Use the definition of the hyperbolic secant:

$$\int\text{sech}(x)\ \text{d}x = \int\frac{1}{\cosh(x)}\ \text{d}x = \int\frac{2}{e^x + e^{-x}}\ \text{d}x$$

Let's collect an $e^x$ term

$$\int\frac{2e^{-x}}{1 + e^{-2x}}\ \text{d}x$$

We can now use the Geometric Series for the term $\frac{1}{1 + e^{-2x}}$

$$\int 2e^{-x}\sum_{k = 0}^{+\infty}(-e^{-2x})^k = \sum_{k = 0}^{+\infty}2(-1)^k\int e^{-x}e^{-2kx}\ \text{d}x = \sum_{k = 0}^{+\infty}2(-1)^k\int e^{-x(1 + 2k)}\ \text{d}x$$

Integration is trivial and you end up with

$$\sum_{k = 0}^{+\infty}2(-1)^k \frac{-1}{1 + 2k}e^{-x(1+2k)} = \sum_{k = 0}^{+\infty} \frac{2\cdot (-1)^{k+1}}{1+2k}e^{-x(1+2k)}$$

This is a well known series and it's

$$\sum_{k = 0}^{+\infty} \frac{2\cdot (-1)^{k+1}}{1+2k}e^{-x(1+2k)} = -2\arctan(e^{-x}) = -2\operatorname{arccot}(e^x)$$

Answer 3

A slightly unconventional procedure is to force hyperbolic functions to the circular

ones by $ x\rightarrow ix $ on either side of the equation.

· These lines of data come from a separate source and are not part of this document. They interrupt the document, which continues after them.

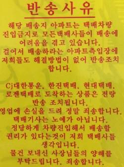 | 택배차량 진입이 막힌 한 아파트 단지에 배송됐다 반송된 상품에 반송된 사유를 알리는 안내문이 붙어 있다 / 인터넷 화면 캡처 |
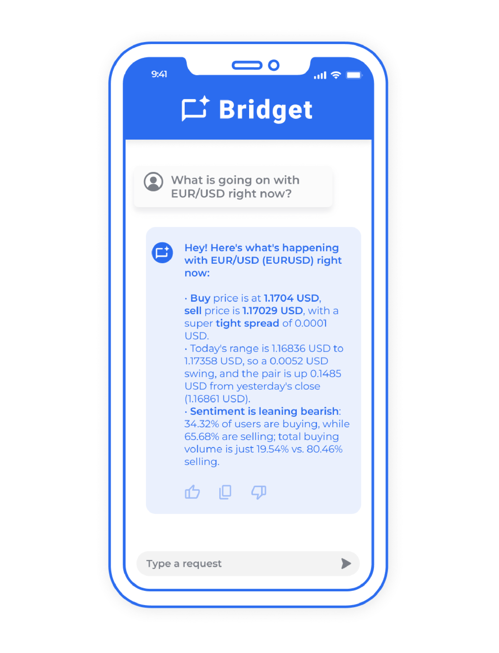 Upgrade your trader experience with compliant LLM chat that combines BridgeWise’s trading support, including macro events and news report analysis, with your proprietary data, like FAQs, chat-to-trade links, CTAs, and live feeds.
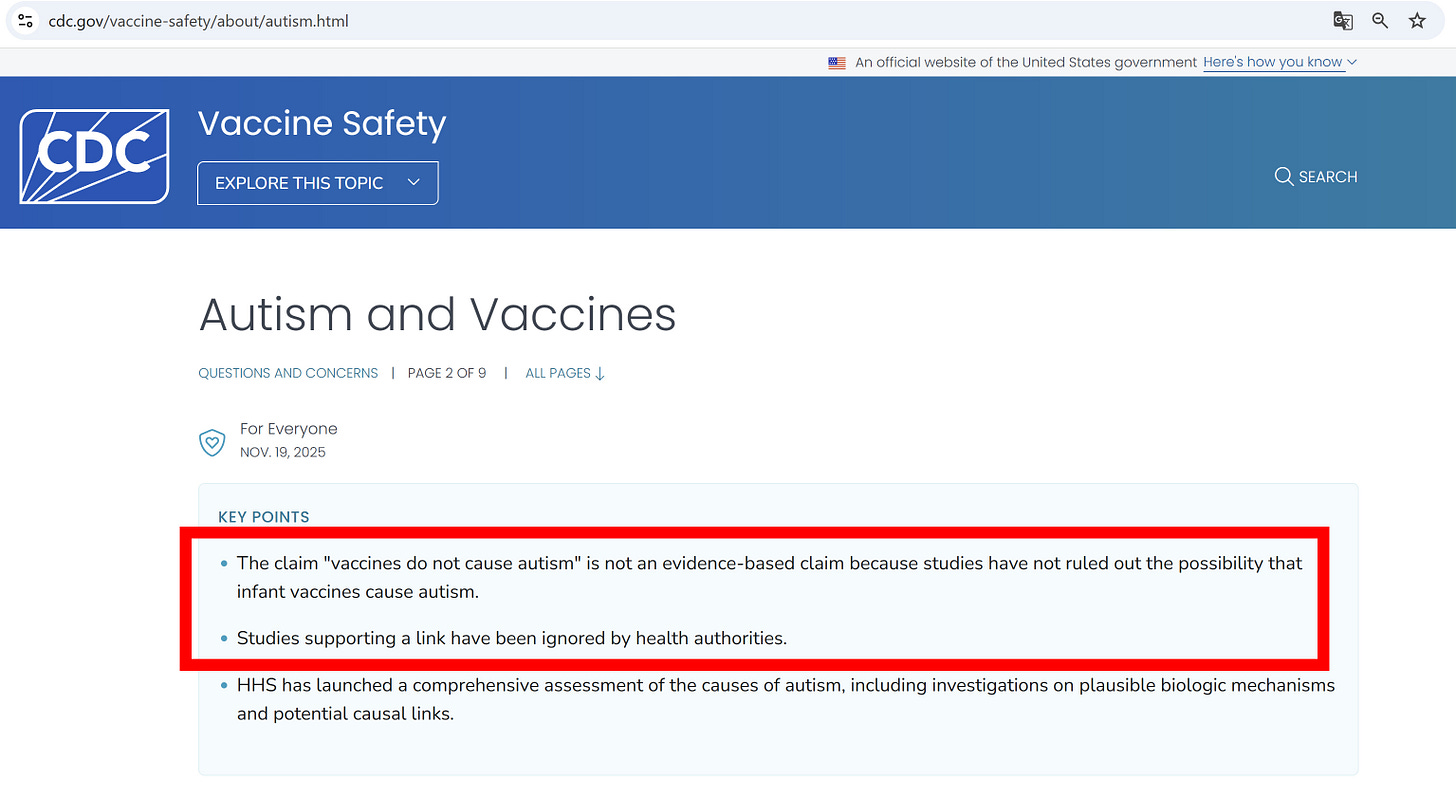 רעידת אדמה: ארגון ה-סי.די.סי הפך את עמדתו וכתב באתר הרשמי: הטענה ש"חיסונים אינם גורמים לאוטיזם" אינה טענה מבוססת ראיות משום שמחקרים לא שללו את האפשרות שחיסוני תינוקות גורמים לאוטיזם
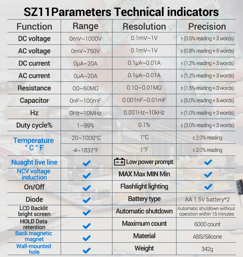 Additional Features: NCV voltage induction, flashlight lighting, LCD backlit screen, magnetic back for hands-free use, wall-mounted hole, low power prompt

$$\text{LHS}= \int \operatorname{sech} ix \, d ix = i \int \sec x \, dx = i \log ( \sec x + \tan x) $$

$$\text{RHS}= \sin^{-1}(\operatorname{tanh} ix)+C = i \operatorname{sinh}^{-1}(\tan x) = i \log( \sec x + \tan x) $$